Record set.
= = = = = = =

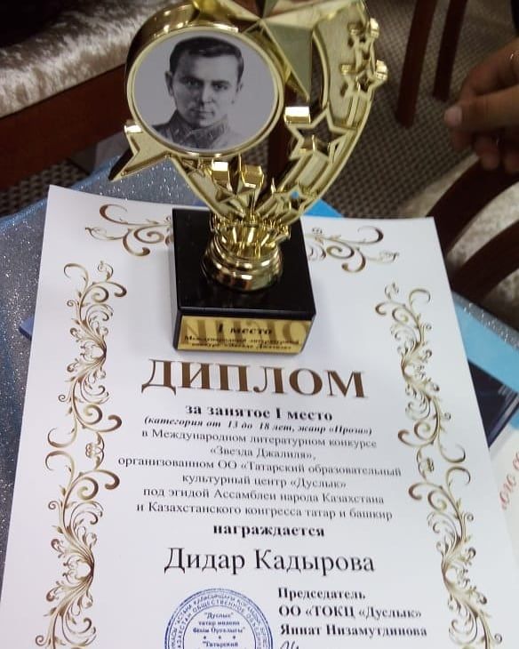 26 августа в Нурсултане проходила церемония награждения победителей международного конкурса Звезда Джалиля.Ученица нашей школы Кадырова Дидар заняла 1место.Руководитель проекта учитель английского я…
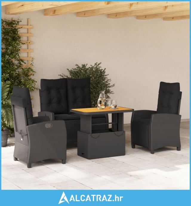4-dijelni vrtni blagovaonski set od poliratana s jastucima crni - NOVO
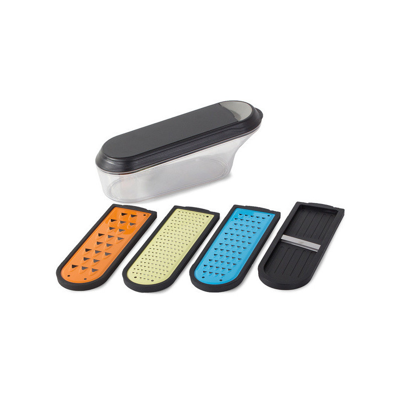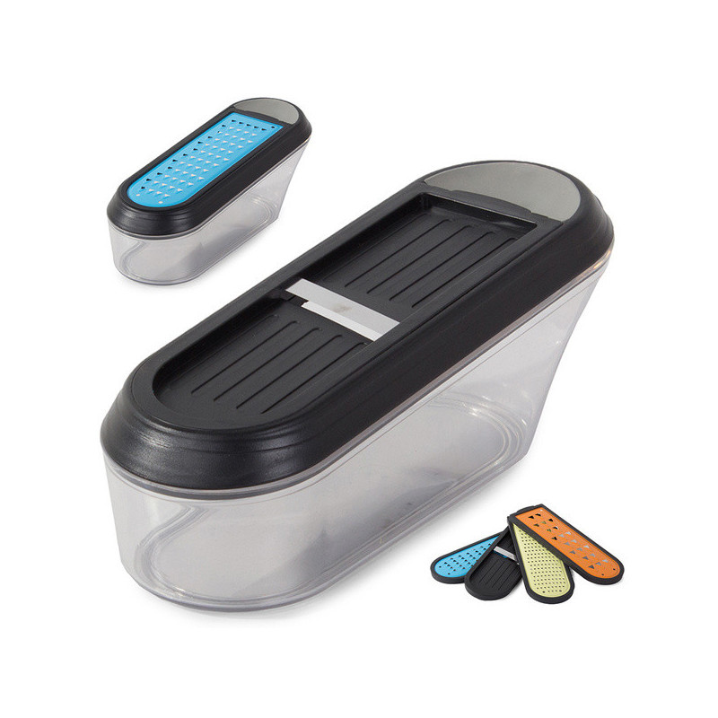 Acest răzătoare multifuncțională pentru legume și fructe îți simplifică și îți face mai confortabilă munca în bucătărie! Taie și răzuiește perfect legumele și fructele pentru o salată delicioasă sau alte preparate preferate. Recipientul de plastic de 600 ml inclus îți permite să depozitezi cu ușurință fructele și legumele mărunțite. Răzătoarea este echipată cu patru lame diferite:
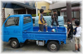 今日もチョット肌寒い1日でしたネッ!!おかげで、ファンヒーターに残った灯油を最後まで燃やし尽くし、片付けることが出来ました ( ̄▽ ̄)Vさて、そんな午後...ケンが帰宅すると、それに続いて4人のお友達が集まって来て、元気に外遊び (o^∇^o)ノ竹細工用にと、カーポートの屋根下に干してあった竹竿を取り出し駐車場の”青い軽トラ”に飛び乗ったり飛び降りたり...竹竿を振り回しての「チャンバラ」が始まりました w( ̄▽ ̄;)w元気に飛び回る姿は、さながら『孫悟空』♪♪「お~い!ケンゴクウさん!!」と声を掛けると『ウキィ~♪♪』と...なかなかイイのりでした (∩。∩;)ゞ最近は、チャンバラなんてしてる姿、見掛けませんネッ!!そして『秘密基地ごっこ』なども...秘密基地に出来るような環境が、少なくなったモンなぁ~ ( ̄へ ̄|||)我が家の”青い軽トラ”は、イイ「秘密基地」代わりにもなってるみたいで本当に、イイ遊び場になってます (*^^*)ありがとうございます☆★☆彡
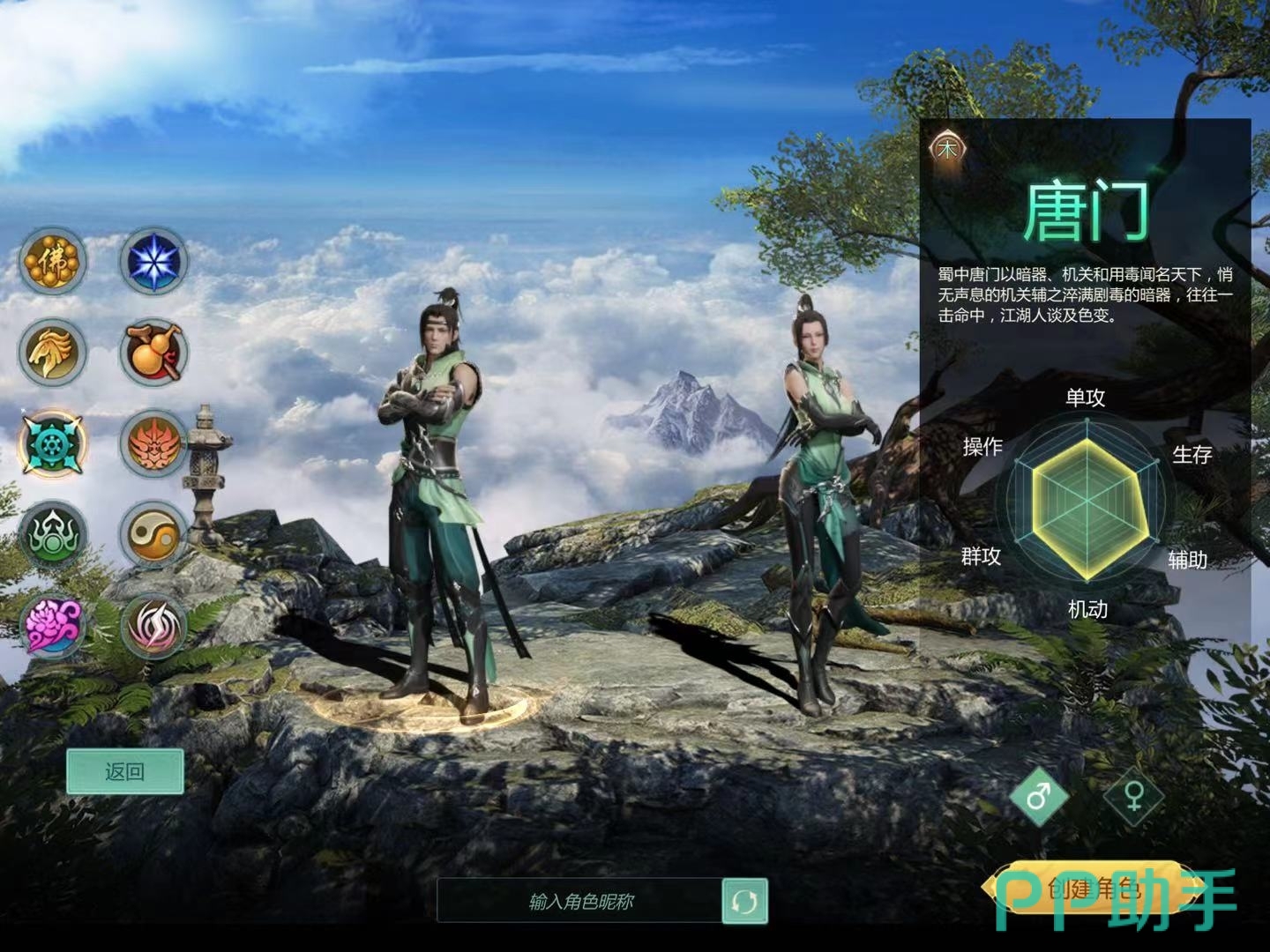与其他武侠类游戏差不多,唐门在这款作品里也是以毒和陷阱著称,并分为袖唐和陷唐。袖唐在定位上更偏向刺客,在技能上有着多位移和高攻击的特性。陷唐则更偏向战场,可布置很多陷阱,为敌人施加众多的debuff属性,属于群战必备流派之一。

= = = = = = =

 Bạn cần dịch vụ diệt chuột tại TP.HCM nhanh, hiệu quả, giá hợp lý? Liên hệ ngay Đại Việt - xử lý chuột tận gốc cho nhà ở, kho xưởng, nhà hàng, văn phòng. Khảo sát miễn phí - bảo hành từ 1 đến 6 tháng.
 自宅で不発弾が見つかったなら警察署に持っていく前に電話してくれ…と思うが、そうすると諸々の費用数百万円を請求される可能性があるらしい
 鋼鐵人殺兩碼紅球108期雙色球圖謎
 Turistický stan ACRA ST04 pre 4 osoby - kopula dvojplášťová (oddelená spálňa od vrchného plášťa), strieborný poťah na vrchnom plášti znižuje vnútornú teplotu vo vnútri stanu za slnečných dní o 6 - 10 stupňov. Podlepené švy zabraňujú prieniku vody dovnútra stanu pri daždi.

= = = = = = =

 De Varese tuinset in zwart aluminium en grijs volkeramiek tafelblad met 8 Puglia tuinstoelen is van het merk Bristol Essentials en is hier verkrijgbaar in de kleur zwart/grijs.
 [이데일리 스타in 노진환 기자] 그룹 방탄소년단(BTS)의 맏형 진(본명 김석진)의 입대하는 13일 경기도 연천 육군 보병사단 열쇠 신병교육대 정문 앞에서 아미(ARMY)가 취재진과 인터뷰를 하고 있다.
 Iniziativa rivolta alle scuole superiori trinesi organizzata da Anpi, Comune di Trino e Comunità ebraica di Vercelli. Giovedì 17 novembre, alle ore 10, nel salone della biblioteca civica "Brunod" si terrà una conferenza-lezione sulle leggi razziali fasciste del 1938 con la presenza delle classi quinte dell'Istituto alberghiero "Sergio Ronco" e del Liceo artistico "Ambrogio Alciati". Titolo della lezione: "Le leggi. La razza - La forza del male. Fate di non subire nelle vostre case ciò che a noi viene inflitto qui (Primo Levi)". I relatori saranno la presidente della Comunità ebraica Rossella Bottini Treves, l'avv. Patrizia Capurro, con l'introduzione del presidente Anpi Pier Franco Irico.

= = = = = = =

Prompt. In the listing above, find the line containing "26 августа в" and the line containing "与其他武侠类游戏差不多,唐门". Reproduce those lines and all between them exactly, with no pictures and nothing more.

Task solution.
 26 августа в Нурсултане проходила церемония награждения победителей международного конкурса Звезда Джалиля.Ученица нашей школы Кадырова Дидар заняла 1место.Руководитель проекта учитель английского я…
4-dijelni vrtni blagovaonski set od poliratana s jastucima crni - NOVO
 Acest răzătoare multifuncțională pentru legume și fructe îți simplifică și îți face mai confortabilă munca în bucătărie! Taie și răzuiește perfect legumele și fructele pentru o salată delicioasă sau alte preparate preferate. Recipientul de plastic de 600 ml inclus îți permite să depozitezi cu ușurință fructele și legumele mărunțite. Răzătoarea este echipată cu patru lame diferite:
 今日もチョット肌寒い1日でしたネッ!!おかげで、ファンヒーターに残った灯油を最後まで燃やし尽くし、片付けることが出来ました ( ̄▽ ̄)Vさて、そんな午後...ケンが帰宅すると、それに続いて4人のお友達が集まって来て、元気に外遊び (o^∇^o)ノ竹細工用にと、カーポートの屋根下に干してあった竹竿を取り出し駐車場の”青い軽トラ”に飛び乗ったり飛び降りたり...竹竿を振り回しての「チャンバラ」が始まりました w( ̄▽ ̄;)w元気に飛び回る姿は、さながら『孫悟空』♪♪「お~い!ケンゴクウさん!!」と声を掛けると『ウキィ~♪♪』と...なかなかイイのりでした (∩。∩;)ゞ最近は、チャンバラなんてしてる姿、見掛けませんネッ!!そして『秘密基地ごっこ』なども...秘密基地に出来るような環境が、少なくなったモンなぁ~ ( ̄へ ̄|||)我が家の”青い軽トラ”は、イイ「秘密基地」代わりにもなってるみたいで本当に、イイ遊び場になってます (*^^*)ありがとうございます☆★☆彡
与其他武侠类游戏差不多,唐门在这款作品里也是以毒和陷阱著称,并分为袖唐和陷唐。袖唐在定位上更偏向刺客,在技能上有着多位移和高攻击的特性。陷唐则更偏向战场,可布置很多陷阱,为敌人施加众多的debuff属性,属于群战必备流派之一。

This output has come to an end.